I don’t know. I just know that Pal and I could see from the start that she was doing this purely for herself. The thought of her in my mother’s house, in my mother’s bed, using my mother’s things, made me ill.
She soon caught on that she hadn’t got Pal and me fooled, so she concentrated on Daddy and Helen. Four years old, what do you know? She’d lost one woman who devoted the whole of her attention to her. Now here comes another apparently willing and eager to do the same. Helen took to her like a fly to jam. As for Daddy, I don’t know what she was doing to him in bed, but he was besotted. Pal and I did what we could by way of resistance, but we both knew we were on a loser.
It was worse for me, I think. Pal was fifteen, his life was full of things that took him out of the house. You know what boys are like at that age. It was all girls and football. We were still close but maybe not the way we’d been a couple of years earlier. Kay’s arrival threw us back together, which was the only good thing you could say about it. But it also separated us because I decided I couldn’t put up with having to share a house with her all the year round and I spoke to Daddy and told him I’d changed my mind about going away to school.
He’d been keen for both of us to go to boarding school when we moved into secondary education. Pal had refused point-blank. He said all his mates were going to Weavers and that’s what he wanted too. When it came to my turn, I followed suit. I’d just started there when Kay came on the scene. Suddenly, boarding school didn’t seem such a bad option. I talked it over with Pal and he said he’d miss me but he understood why I wanted to go and there’d be the hols to look forward to. So I went.

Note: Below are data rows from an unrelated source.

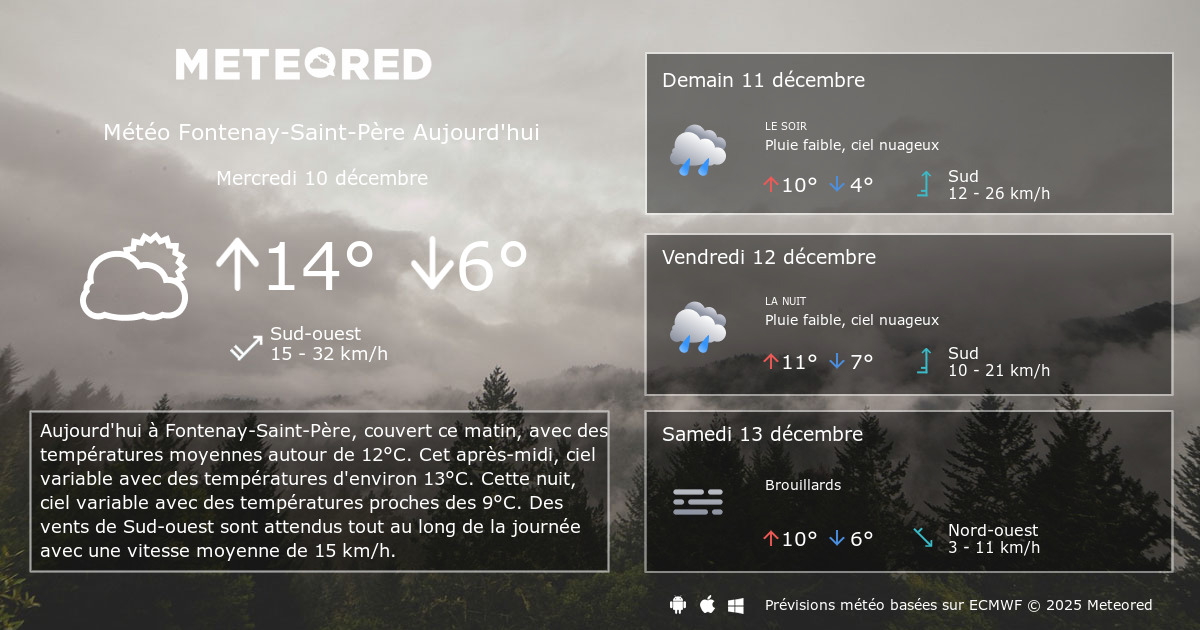 L'humidité sera de 94%. Aujourd'hui, l'après-midi, le temps à Le Val-Saint-Père sera couvert. Concernant les températures, il faudra compter sur un maximum de 10°C pour 8°C ressenti. Le vent à Le Val-Saint-Père quant à lui sera de sud-ouest avec une vitesse maximale de 15km/h.
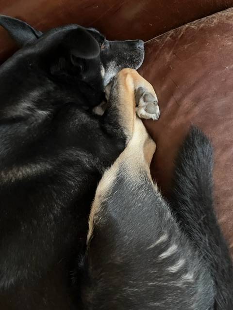 Sally is quite protective of her personal space. There is no way she'd ever allow another dog to do to her what she is doing to Jerry. But when she needs to be in a particular spot...
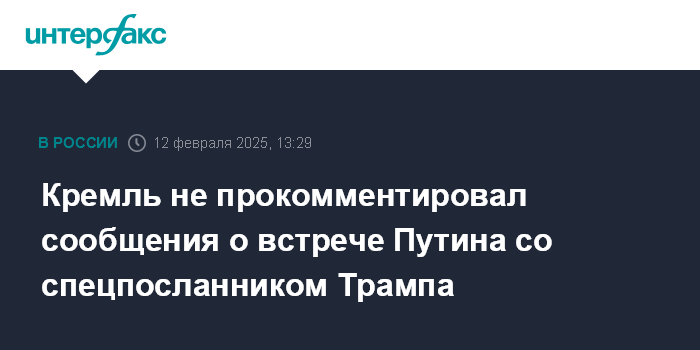 Москва. 12 февраля. INTERFAX.RU - В Кремле не стали комментировать сообщения американских СМИ о том, что президент РФ Владимир Путин встречался со спецпосланником президента США Дональда Трампа по Ближнему Востоку Стивом Уиткоффом.
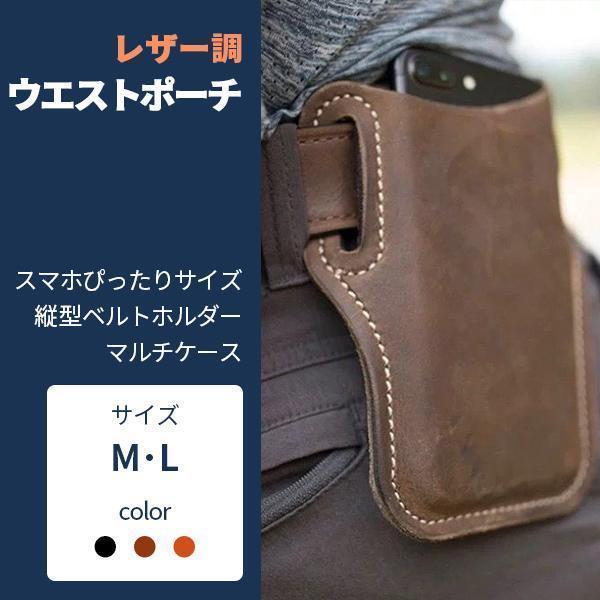 ウエストポーチ レザー調スマホケース ベルトホルダー縦型 マルチケース スマホポーチ 腰につける

From my point of view it turned out great. I was a bit homesick at first, then I thought of Kay and got over it. I soon made friends and pretty soon I started to enjoy myself. I wrote to Pal, of course, describing all my adventures and he wrote back, telling me what was happening back here. But he never mentioned Kay. It wasn’t till a lot later that I found out what had been going on almost from the moment I left.
I don’t know if she really fancied him. It wouldn’t have been surprising. Like I say, he was a hunk in the making by the time he was twelve; in his case the gangly spotty stage hardly lasted a year, and suddenly, in his teens, there he was, a dish fit for a queen. And there was always something a bit royal family about Kay. You know, quiet, controlled, never a hair or a word out of place. The royal family like it used to be. And maybe the idea of having father and son turned her on. I felt from the start she was a bit of a sexual athlete. It doesn’t matter how prim and proper the exterior, a woman can usually tell.
Or maybe it was just that it got up her nose when he and I made it so plain she didn’t take us in and we didn’t like her. She tried the all-girls-together-let’s-be-friends approach on me but gave up when she saw it was getting her nowhere. With a boy it’s different. You men, all of you in your teens, and some for a long time after, once a woman gets hold of your dick, no matter what your personal circumstances or feelings, you’re lost. I know. I’ve tried it and it works. God didn’t give us much in the battle of the sexes but He gave us that.
So she went after him.
She’d bump into him accidentally on purpose. Or he’d be passing the bathroom and she’d come out with a towel over her shoulders, everything on show, and wink at him as they passed. Or she’d be sunbathing topless on the lawn and ask him to rub some sun oil on her back.
Pal didn’t know what to do. How do you tell your father something like that? And things weren’t so good between them anyway. I think Daddy had some crazy notion of his boy making good in the business world and wresting back control of the old family firm, but from an early age Pal made it clear he wasn’t interested in that kind of work. He never took to rock climbing either or game shooting, and sometimes he’d deliberately put on a real Irish brogue and say he supported the IRA just to get up Daddy’s nose. So now when he’d have really liked to be able to talk to Daddy, it was pretty well impossible, especially on this subject. So he had to suffer in silence and when he did let his antagonism towards Kay show, Daddy would tear a strip off him for his bad manners!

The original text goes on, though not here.